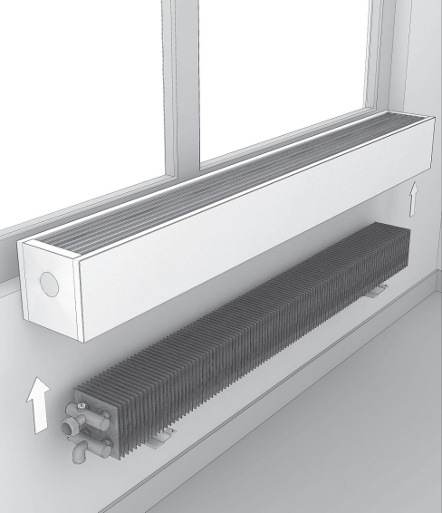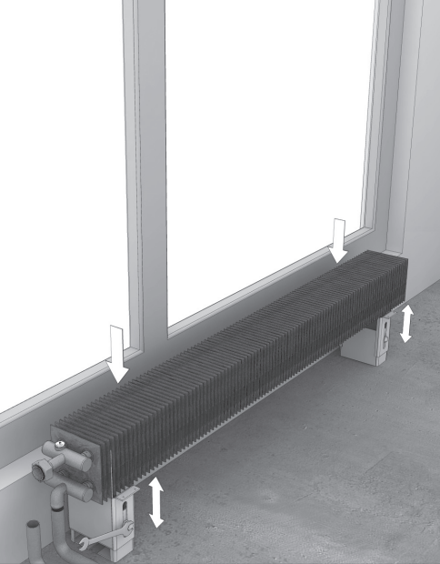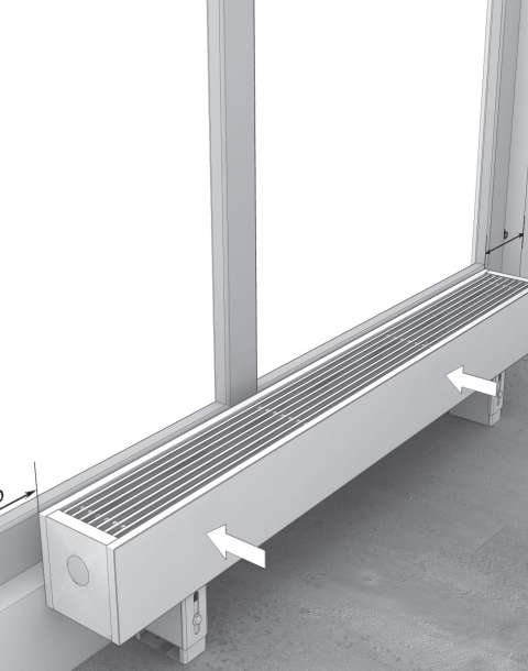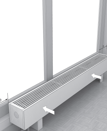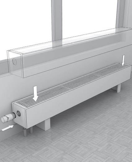 Распакуйте конвектор. Разместите конвектор по центру окна в соответствии с требованиями проекта системы отопления, дизайн-проекта помещения, заказного чертежа.
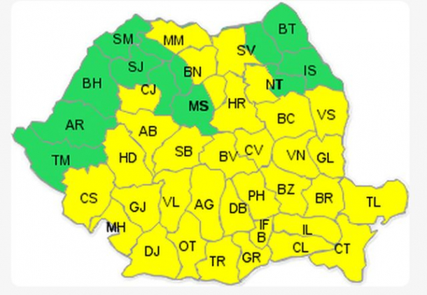 O a doua avertizare este valabilă în intervalul 6 martie, ora 16.00 – 7 martie , ora 16.00 pentru aproape toată țara.
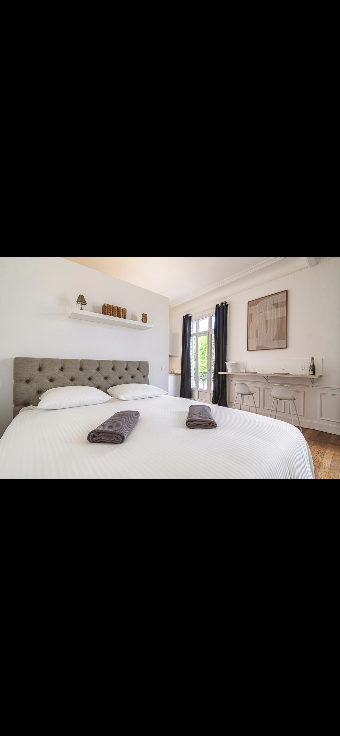 Piso totalmente reformado en una calle muy tranquila del centro de la ciudad, idealmente situado entre la catedral y la estación.A dos pasos de todos los servicios y del centro de Reims (Erlon, forum y boulingrin).Encontrará todo lo necesario, como lavadora, hervidor de agua, cafetera, wifi, TV, fibra, placa de inducción y horno/microondas, persianas eléctricas..Se proporcionan toallas, artículos de aseo y sábanas. ¡El lugar perfecto para pasar una agradable estancia en la ciudad de los sacres!
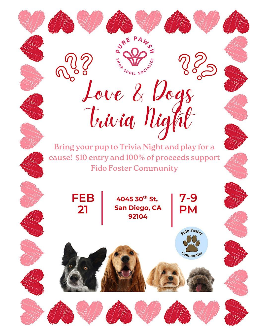 Join us at Pure Pawsh for Love & Dogs Trivia Night on February 21st from 7:00-9:00 p.m.
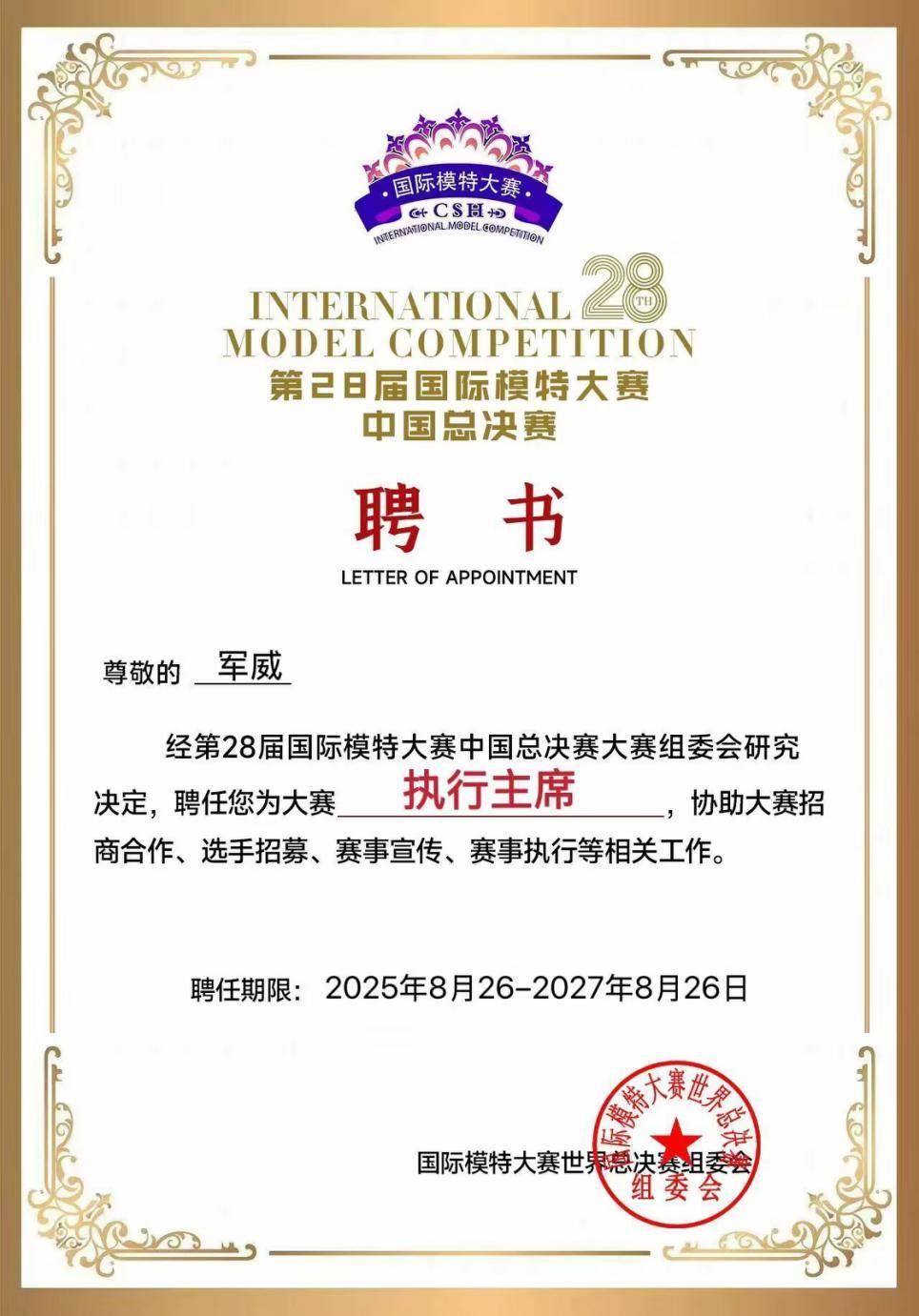 军威先生大赛任命书
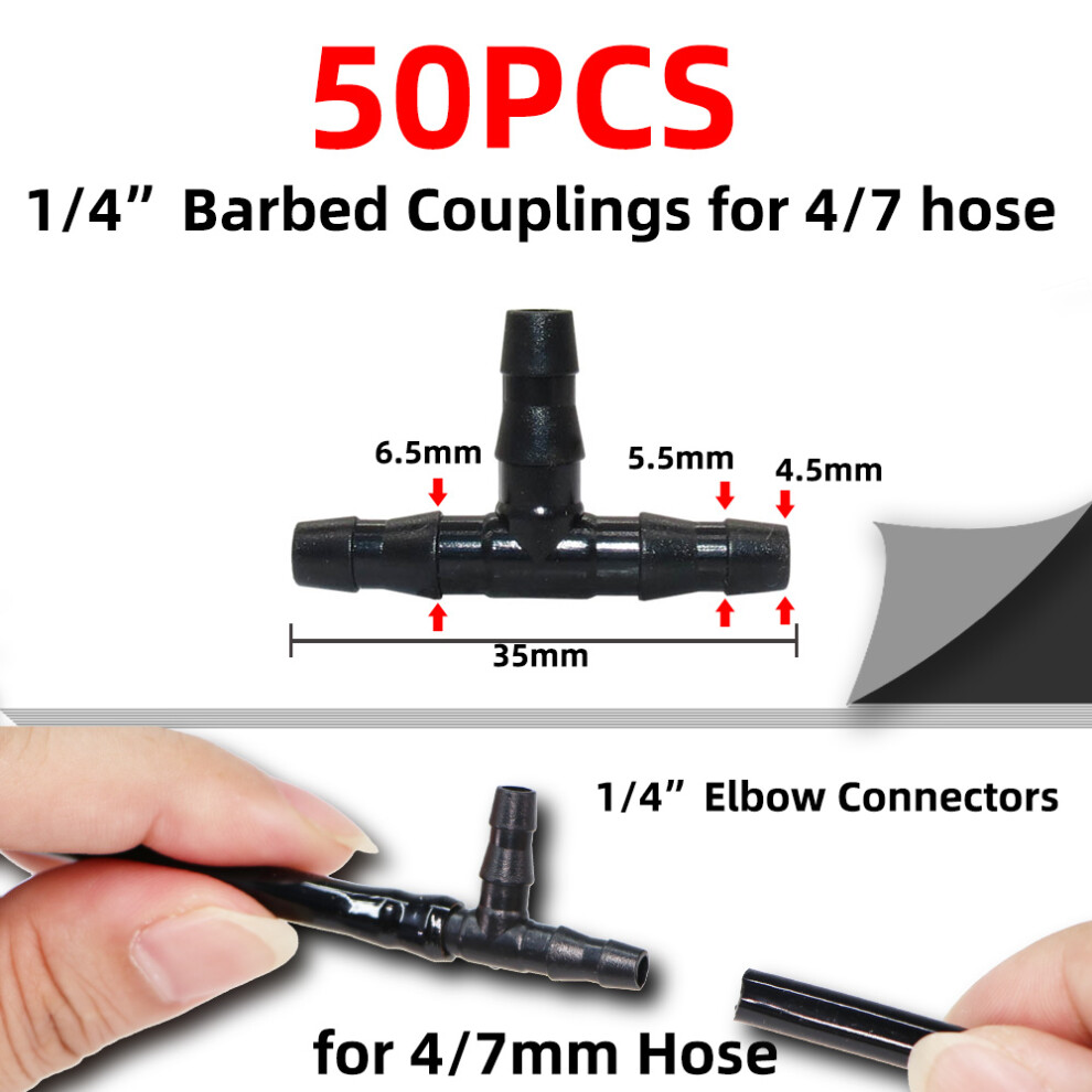 (J-50PCS) 50PCS 1/4'' & 1/8'' Tubing Hose Accessories Joint Barbed Tees Cross Eng Plug Adaptors for Garden Water Connector Drip Irrigation
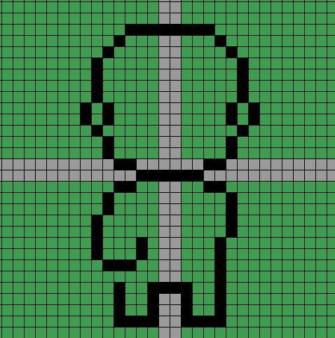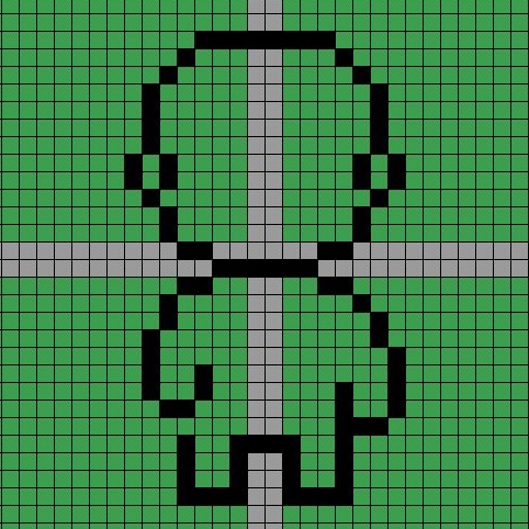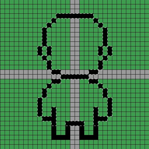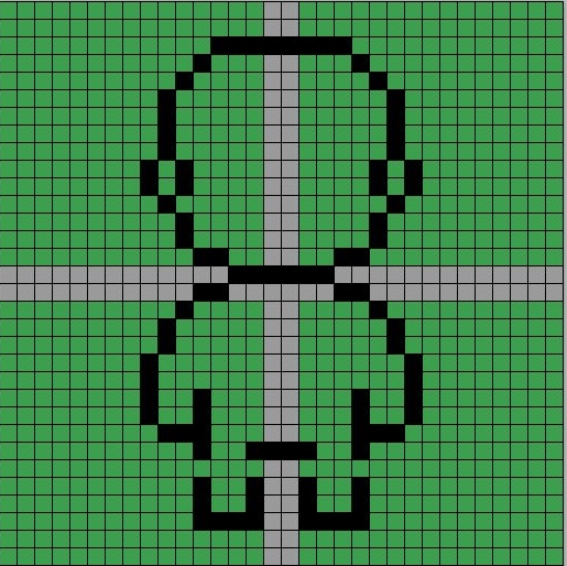 그래서 앞으로 향해 있는 왼쪽 다리를 1픽셀 더 크게 만들어 보았습니다. 이렇게 했더니 무언가가 더 커진 = 더 앞으로 온것 같은 느낌이 듭니다.
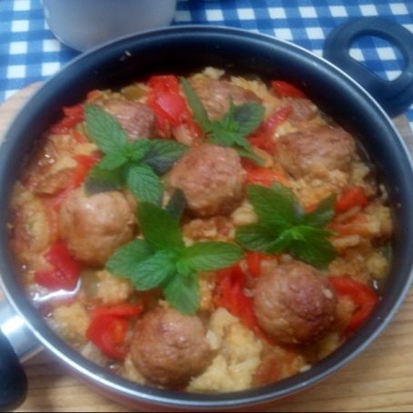 Vigilar las albóndigas para que queden doraditas y no se quemen. Se le puede añadir un poco de agua si hace falta, para queden en su punto y no queden muy saladas. Siempre suelo acompañarlas de unas patatas fritas en forma de tacos, pero en esta ocasión va sobre una base de sopa de tomate, que próximamente explicare como realizarla . Buen provecho.
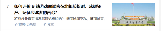 这几天,网传B站游戏部门到北京邮电大学招聘,有面试官说出了一系列令人迷惑的言论。此事在北邮内部的论坛上发酵,并在一些招聘平台、问答社区流传。
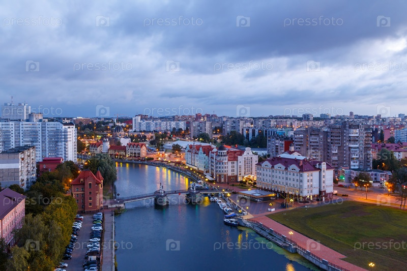 Утро. Центральная часть города Калининграда, набережная Рыбной деревни, Юбилейный мост. Калининград, Россия
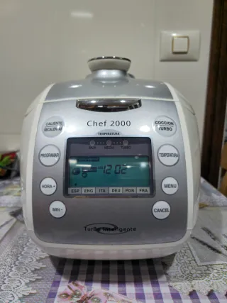 Olla programable Chef 2000 en buen estado. Incluye dos libros de recetas. - Modelo Chef 2000 con función Turbo. - Tecnología Turbo Inteligente. - Panel de control digital. - Incluye 2 libros de recetas (más de 1500 recetas en total).

-.-.-

> [WHAT TO WORK ON]
Your task is to retype exactly, and only, the lines from the one that holds "Утро. Центральная часть" through the end of the listing, both end lines included, without any pictures.

> [RESPONSE AREA]
 Утро. Центральная часть города Калининграда, набережная Рыбной деревни, Юбилейный мост. Калининград, Россия
 Olla programable Chef 2000 en buen estado. Incluye dos libros de recetas. - Modelo Chef 2000 con función Turbo. - Tecnología Turbo Inteligente. - Panel de control digital. - Incluye 2 libros de recetas (más de 1500 recetas en total).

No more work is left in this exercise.